Given an integer, how can I detect the nearest integer perfect power efficiently?

Solution 1:

One algorithm is as follows. You know that the exponent will be at least $2$, so you won't have to take powers greater than $\log_2 N$. So loop over $k = 2, 3, \ldots, \lfloor \log_2 N \rfloor$; for each one examine the candidates $\lfloor N^{1/k} \rfloor^k$ and $\lceil N^{1/k} \rceil^k$. This finds perfect squares, cubes, 4th powers, ... near $N$. This is the algorithm

Another algorithm, obviously worse, is to find perfect powers of $2, 3, \ldots, \sqrt{N}$ near $N$. Loop over $j = 2, 3, \ldots, \sqrt{N}$, and for each one examine the candidates $j^{\lfloor x \rfloor}$ and $j^{\lceil x \rceil}$ where $x = \log_j N$.

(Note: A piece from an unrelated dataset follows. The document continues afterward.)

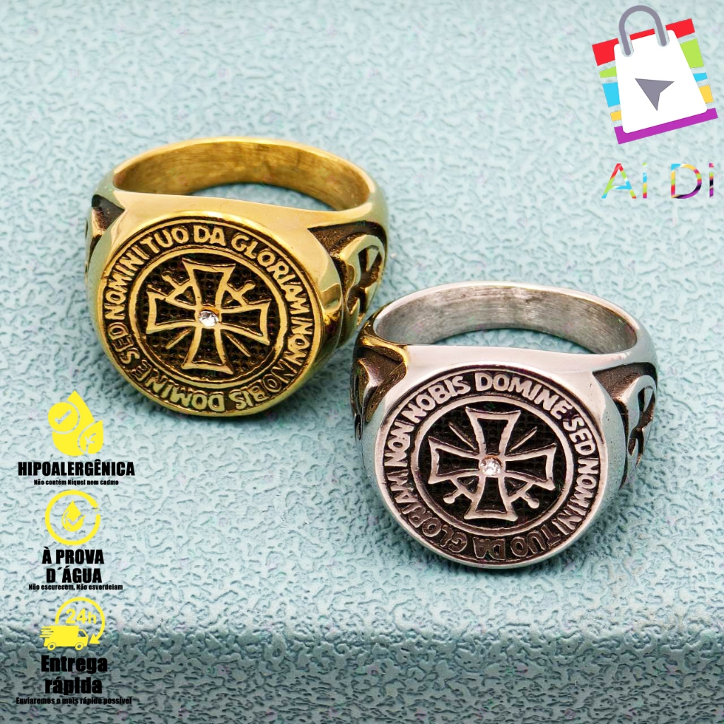 Anel Medieval de Aço Inoxidável com Cruz dos Cavaleiros Templários - Design Clássico e Religioso
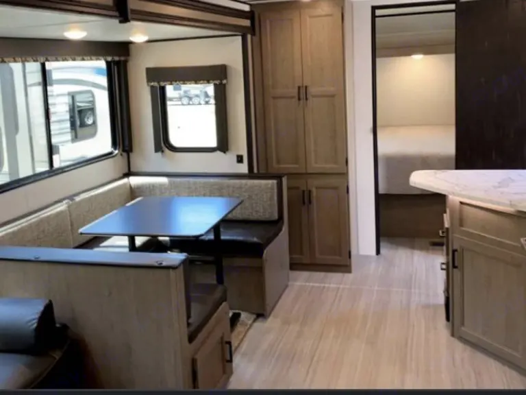 Hamburger Hideout is a beautiful 2 year old travel trailer. This rig comes with lots of sleeping space with the ability to sleep up to 10 people. There is a queen bedroom, bunk beds with 2 full sized beds, a pull out couch and a dinette that can be made into another bed. It come equipped with an electric Jack and stabilizers to make your life much easier. The living area comes with a large 50 inch tv and a fireplace for those nights you want to stay in. Another added bonus is the outside burner stove, fridge and shower. This beauty is ready for your next adventure. Ce qui est inclus4 camping chairs, towels and linens, coffee maker, dishes, pots and pans, and utensils. RecommandationsHamburger hideout can go anyway as long as the campground can accommodate the length. This rig is 33 feet so make sure to double check. We love taking it to the mountains, the beach and the desert. Autres points à signalerNo smoking

You can improve by combining the two. Run the first algorithm for $k = 2, 3, \ldots, f(N)$, which will find cases where the exponent is small, at most $f(N)$. Then run the second for $j = 2, 3, \ldots, g(N)$, which will find cases where the exponent is large, at least $(\log N)/(\log g(N))$. So you need to test twice $f(N) + g(N)$ candidates; you want to minimize $f(N) + g(N)$ subject to $f(N) > (\log N)/(\log g(N))$, i. e. $g(N)^{f(N)} > N$.

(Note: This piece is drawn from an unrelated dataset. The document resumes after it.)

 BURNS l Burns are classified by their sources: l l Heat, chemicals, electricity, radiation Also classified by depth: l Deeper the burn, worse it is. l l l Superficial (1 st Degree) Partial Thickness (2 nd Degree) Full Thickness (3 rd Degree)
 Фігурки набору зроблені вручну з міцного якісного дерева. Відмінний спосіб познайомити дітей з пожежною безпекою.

For example if $N = 10^{100}$ you can compute (I don't know a good way to do this other than trial and error) that $f(N) = 21$, since $21^{76} > 10^{100}$, is optimal. So loop over $k = 2, 3, \ldots, 21$ and find the nearest $k$th powers; then loop over $j = 2, 3, \ldots, 76$ to find the nearest powers of $2, 3, \ldots, 76$. This only requires checking $2 \times (21 + 76 - 2) = 190$ candidates, compared to $2 \times 331 = 662$ for just using my first algorithm.